In an interview with the Financial Times Deutschland, Weber backed the ECB’s decisions earlier this month to cut its main interest rate to 1.0 percent and buy about 60 billion euros’ worth of covered bonds.
Some of the ECB’s 22 policymakers have suggested the ECB could go further. But Weber’s comments made it clear he sees no need for policy expansion at the moment, even though he warned against taking an overoptimistic view of the recovery.
“Unless things get noticeably worse, in my view, the package of measures decided until now is sufficient,” he was quoted as saying when asked if ECB’s asset purchases would stop at covered bonds.
“We have to turn our primary attention in terms of monetary policy to letting the steps we have already undertaken take effect. There are still things in the pipeline.”

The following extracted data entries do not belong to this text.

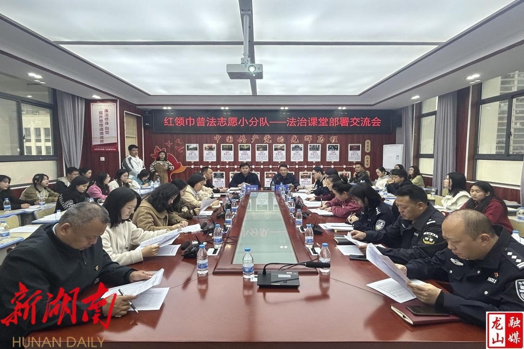 龙山县融媒体中心11月13日讯(通讯员 汪娟娟 胡斌 马昌宇)11月10日,龙山县“红领巾”普法志愿者小分队法治课堂部署交流会在华塘芙蓉学校召开,县司法、公安、法院等各单位共40余人参会。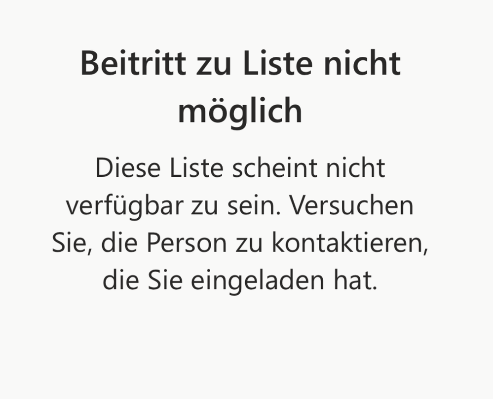 Now, when I send my wife or son an invitation link, they get an error message saying the list isn't available and they can't join.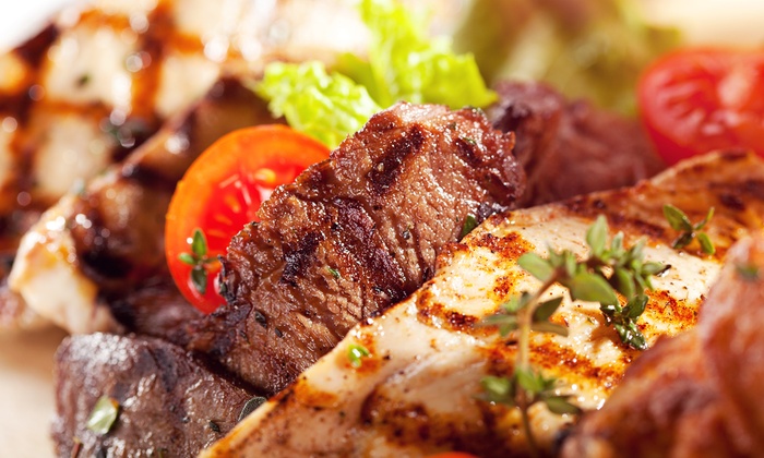 2 Lammkoteletts, Leber, Gyros, 1 Suzuk, dazu Reis und Pommes frites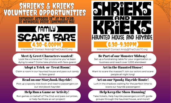The Club Lunenburg Teen Center is looking for help for our 9th annual Shrieks and Krieks Festival on Saturday, October 18th! Seeking businesses to adopt a room (no cost - just bring candy and any swag to promote your business) in the Haunted House for Trick or Treat during the Family Scare Fare (4:30-6pm, seeking volunteers to "act" in our Haunted House and along our Hayride route (6:30-9:30pm), and seeking "tour guides" to escort groups of young people through the Haunted House (6:30-9:30pm) to protect our actors and props! For more info, contact Michelle - 978-582-6407x2, or email Michelle@TheClubLTC.org

Also, he said the 1 percent level for the main refi rate was adequate and took into account a hefty downward revision in ECB staff economic projections, due for release in June alongside details of the covered bond purchase plan.
Separately, in a speech prepared for delivery in the German city of Duesseldorf, Weber said the covered bond purchases would help to improve banks’ refinancing conditions and revitalise a market which had been hard-hit by the financial crisis.
Since covered bonds were very secure, the step exposed the ECB to only slim risks, he said. Meanwhile, the ECB’s decision to extend the terms of its unlimited liquidity loans to banks to 12 months would help bring down the interest rate curve.
The comments are the latest in a series of differing public statements about how far the ECB should go to support economic recovery, although policymakers have denied any major split.
Weber said the ECB’s baseline scenario was for a weak recovery, no credit crunch and no deflationary spiral.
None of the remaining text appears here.